Я согласна на четыре часа, а если надо будет, то можешь моим временем располагать без стеснения и не в рабочее время.
Никуда я от тебя не денусь, мы же в одной упряжке.
Просто, скажу тебе по секрету, у меня и другие коммерческие дела стали наклёвываться и, кстати, свои босоножки можешь к нам с Настей пристраивать, толкучка теперь становится — наш дом родной.
Есть у меня ещё одна мысль, что иногда и в другие города стоит наведываться.
В Москве не будем особо мозолить глаза и рынок расширим, как считаешь?
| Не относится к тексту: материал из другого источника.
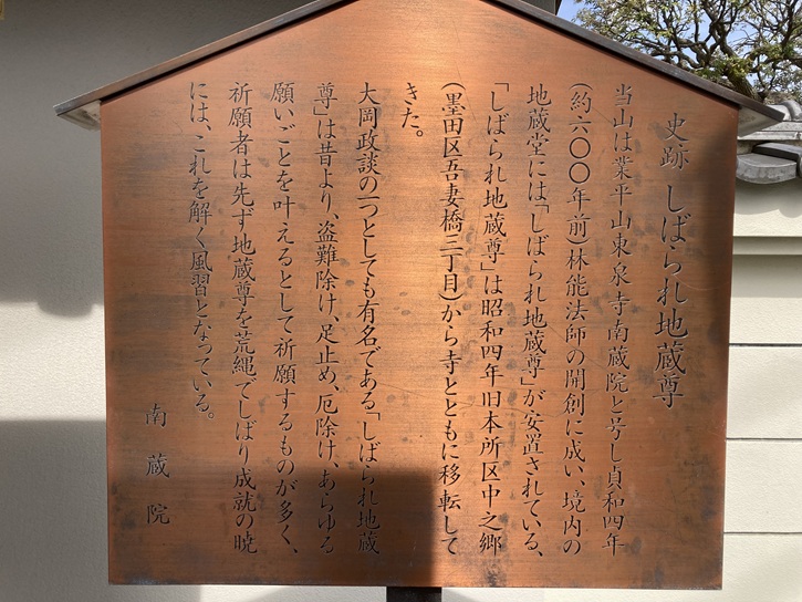 当山は業平山東泉寺南蔵院と号し、貞和四年(約600年前)林能法師の開創に成い、境内の地蔵堂には「しばられ地蔵尊」が安置されている、「しばられ地蔵尊」は昭和四年旧本所区中之郷(墨田区吾妻橋三丁目)から寺とともに移転してきた。大岡政談の一つとしても有名である「しばられ地蔵尊」は昔より、盗難除け、足止め、厄除け、あらゆる願いごとを叶えるとして祈願するものが多く、祈願者は先ず地蔵尊を荒縄でしばり、成就の暁には、これを解く風習となっている。

— Считаю, что мне тебе советовать нечего, ты кого хочешь на рысях обойдёшь, но всё же один совет дам.
По толкучке ходит наряд милиции, главный у них капитан Гордеев Владимир Егорович.
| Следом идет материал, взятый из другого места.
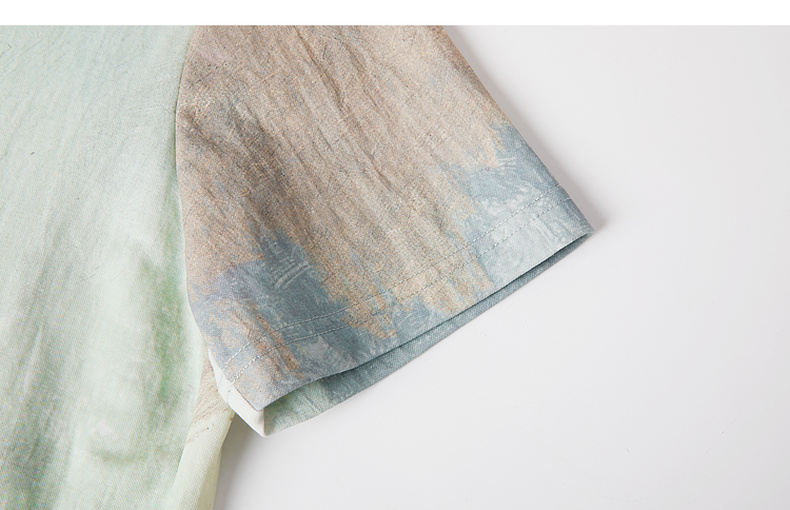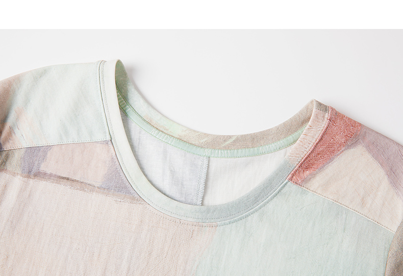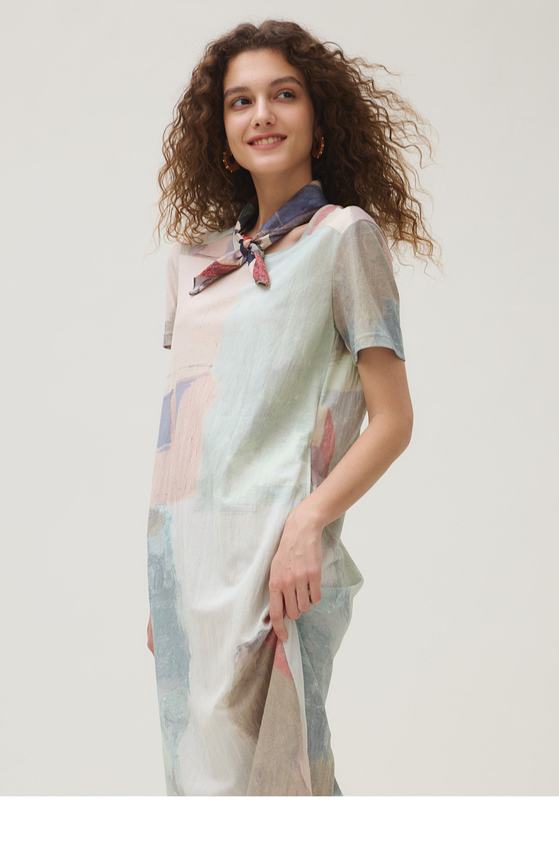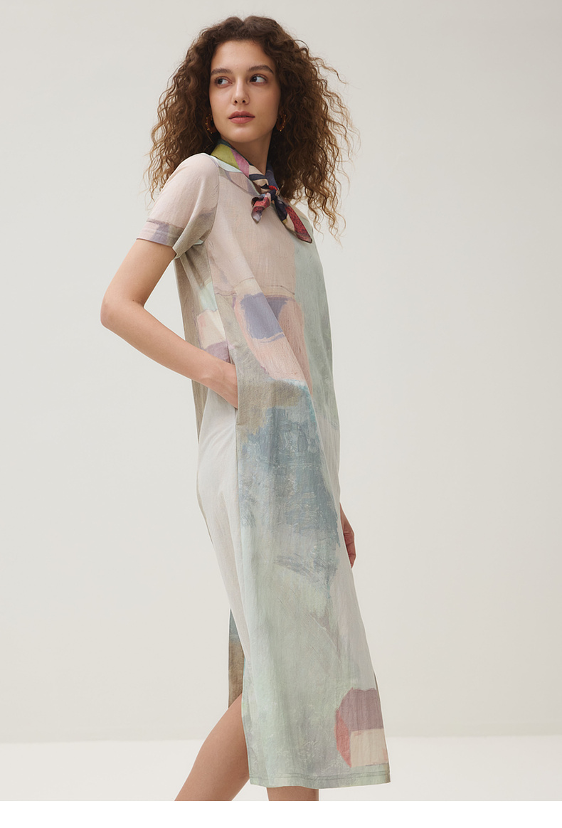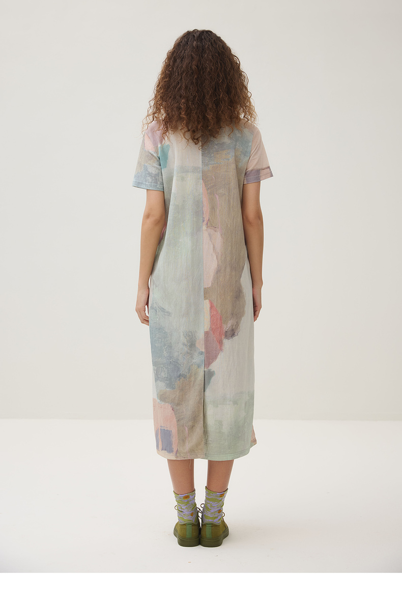 谜底连衣裙短袖女2025秋新品原创艺术印花H型T恤裙长裙253ML1240

Передай ему от меня привет и обласкай красной бумажкой, тогда у меня за тебя душа вовсе будет на месте.
Вечером в субботу позвонила Таня и сообщила, что одни джинсы готовы и можно их у неё забрать.
Учитывая, позднее время, детей, наверное, Таня уже уложила спать, поэтому Фрося тихонько постучала в дверь.
— Проходите, проходите, пожалуйста, на кухню, девочки спят, а я тут химичу с выкройками.
На этот раз Таня выглядела спокойной и сосредоточенной, волосы собраны в узел на макушке, полностью открыв худенькое, но весьма симпатичное личико.
Сняв куртку и сапоги, Фрося прошла вслед за Таней на кухню.
— Ну, показывай своё произведение искусства.
— Ну, скажете искусства, скорее искусство подделки.
Обе женщины рассмеялись.
— Танюха, хорошо сегодня выглядишь. Дети, надеюсь, поправились?
— Да, да, в понедельник пойдут в садик и ясли, вот тогда я смогу оторваться в полной мере, правда, во вторник придётся отлучиться на несколько часиков.
— Не сходи с ума, после этого не садись сразу за машинку, парочку дней точно отлежись.
Ты, думаешь джинсы толкать, как мороженное на углу распродавать, кому не поподя, две-три пары в неделю для нас достаточно и без них товара хватает.
— Фрося, мне не удобно спрашивать, но всё же скажите, пожалуйста, сколько я буду иметь за каждую пару?
Фрося подняла глаза к потолку, как будто там находился ответ, пошевелила губами и посмотрела на Таню:
— А, сколько ты хочешь?
— Сначала посмотрите на то, что у меня получилось, выскажите своё мнение, а потом я назову свою цену, хотя, если честно, то на любую соглашусь.
Фрося крутила в руках джинсы и морщила нос.
— Что плохо, не нравится, вы другого ожидали?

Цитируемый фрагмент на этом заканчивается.